DATA SUPPLIED Start Marker

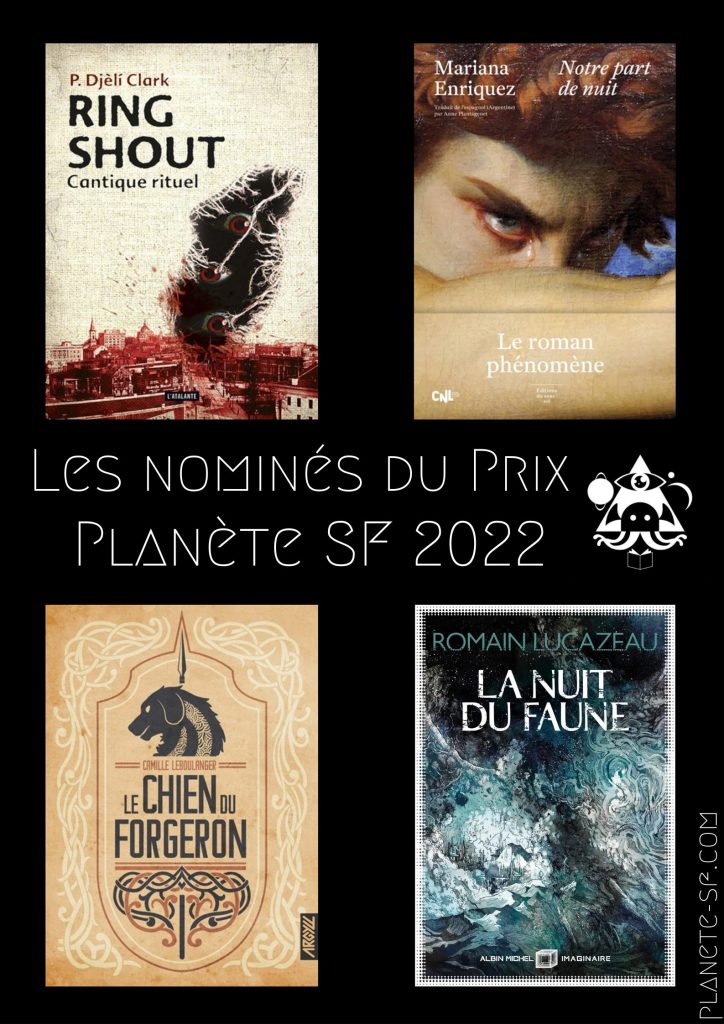 ֎ Planète-SF est une communauté de blogueurs et de lecteurs de l’imaginaire. Depuis 2011, le Prix Planète SF récompense un roman du genre. Pour cela, les blogueurs choisissent un roman parmi ceux parus dans l’année et le jury en sélectionne 3 autres. En 2021, c’est le roman Aucune terre n’est promise de Lavie Tidhar chez Mu Editions qui avait obtenu le prix. Les 4 romans en lice pour le prix 2022 sont:
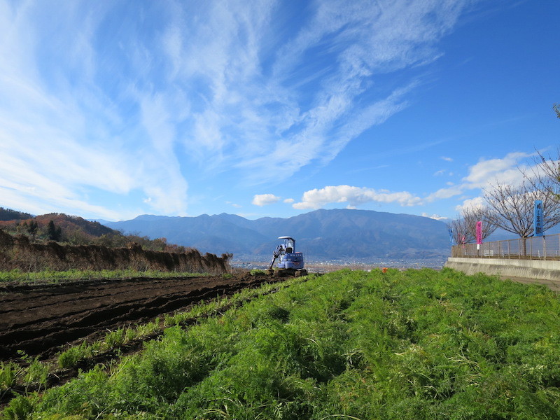 まず向かったのは市川三郷町です。お目当てはここの地域の名産「大塚にんじん」。小高い丘になった大塚地区に近づくと畑が目につくようになります。畑の中にナゼかユンボが!?大塚人参はこの地域の郷土野菜なのですが、めちゃくちゃ長いのが特徴なんです。なのでユンボを使って収穫を行うんだとか。ちょっとびっくりですよね。
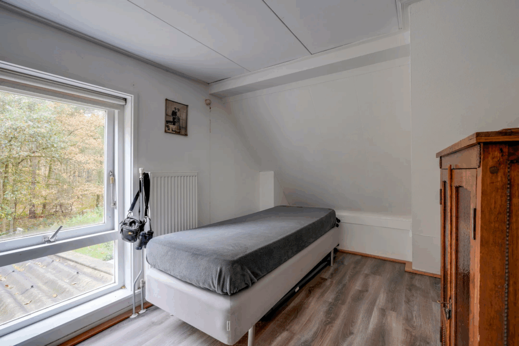 Binnen biedt de betaalbare boswachterswoning een functionele indeling die direct een warm en authentiek gevoel oproept. De woonkamer vormt het hart van het huis en wordt gekenmerkt door een houtkachel die tijdens koude dagen zorgt voor een gezellige sfeer. De aangrenzende keuken is eenvoudig maar praktisch ingericht, met voldoende mogelijkheden om deze naar eigen smaak te moderniseren. Op de eerste verdieping bevinden zich twee slaapkamers, beide voorzien van extra bergruimte, wat het huis geschikt maakt voor kleine gezinnen, stellen of mensen die een werkruimte aan huis willen creëren.
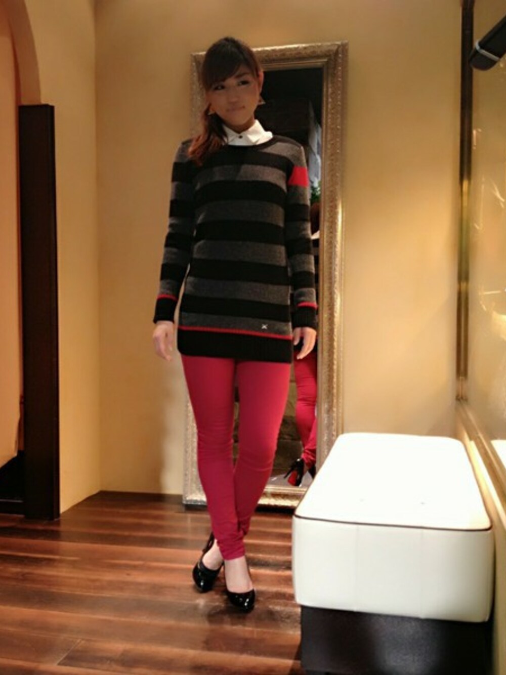 細身なシルエットのニットなのでアウターの下でも着膨れしません。 カラーパンツ今年トレンドのワインレッド系でコーディネートのポイントに。
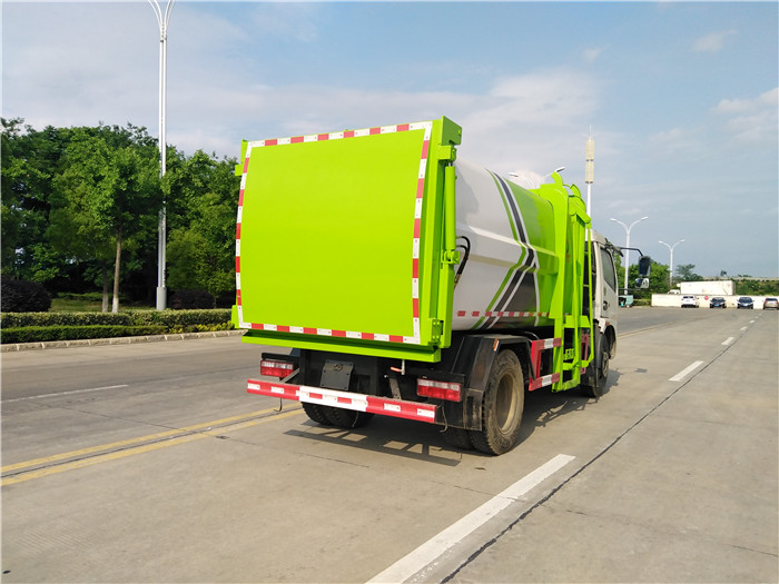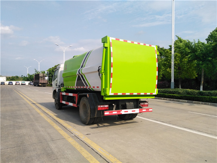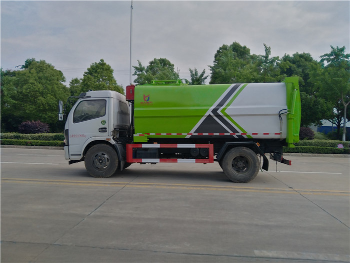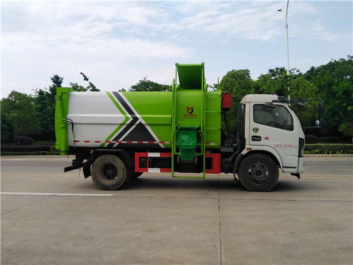 國六東風大多利卡側裝壓縮掛桶自裝卸式垃圾車箱體為圓弧形新型加強型,箱體容積7.5 立方,壓縮方式為液壓底推推板,提升機為機拉桿式,后門液壓反向鎖死,箱體材料為Q345B錳鋼制作,材料厚度為4個厚,液壓閥為中梅或長源牌,液壓缸為海普瑞斯,齒輪泵為合肥長源牌,箱體尾部加裝污水槽,可有效防止垃圾二次污染。

DATA SUPPLIED End Marker

Could you output all of the records exactly, without their pictures?

 ֎ Planète-SF est une communauté de blogueurs et de lecteurs de l’imaginaire. Depuis 2011, le Prix Planète SF récompense un roman du genre. Pour cela, les blogueurs choisissent un roman parmi ceux parus dans l’année et le jury en sélectionne 3 autres. En 2021, c’est le roman Aucune terre n’est promise de Lavie Tidhar chez Mu Editions qui avait obtenu le prix. Les 4 romans en lice pour le prix 2022 sont:
 まず向かったのは市川三郷町です。お目当てはここの地域の名産「大塚にんじん」。小高い丘になった大塚地区に近づくと畑が目につくようになります。畑の中にナゼかユンボが!?大塚人参はこの地域の郷土野菜なのですが、めちゃくちゃ長いのが特徴なんです。なのでユンボを使って収穫を行うんだとか。ちょっとびっくりですよね。
 Binnen biedt de betaalbare boswachterswoning een functionele indeling die direct een warm en authentiek gevoel oproept. De woonkamer vormt het hart van het huis en wordt gekenmerkt door een houtkachel die tijdens koude dagen zorgt voor een gezellige sfeer. De aangrenzende keuken is eenvoudig maar praktisch ingericht, met voldoende mogelijkheden om deze naar eigen smaak te moderniseren. Op de eerste verdieping bevinden zich twee slaapkamers, beide voorzien van extra bergruimte, wat het huis geschikt maakt voor kleine gezinnen, stellen of mensen die een werkruimte aan huis willen creëren.
 細身なシルエットのニットなのでアウターの下でも着膨れしません。 カラーパンツ今年トレンドのワインレッド系でコーディネートのポイントに。
 國六東風大多利卡側裝壓縮掛桶自裝卸式垃圾車箱體為圓弧形新型加強型,箱體容積7.5 立方,壓縮方式為液壓底推推板,提升機為機拉桿式,后門液壓反向鎖死,箱體材料為Q345B錳鋼制作,材料厚度為4個厚,液壓閥為中梅或長源牌,液壓缸為海普瑞斯,齒輪泵為合肥長源牌,箱體尾部加裝污水槽,可有效防止垃圾二次污染。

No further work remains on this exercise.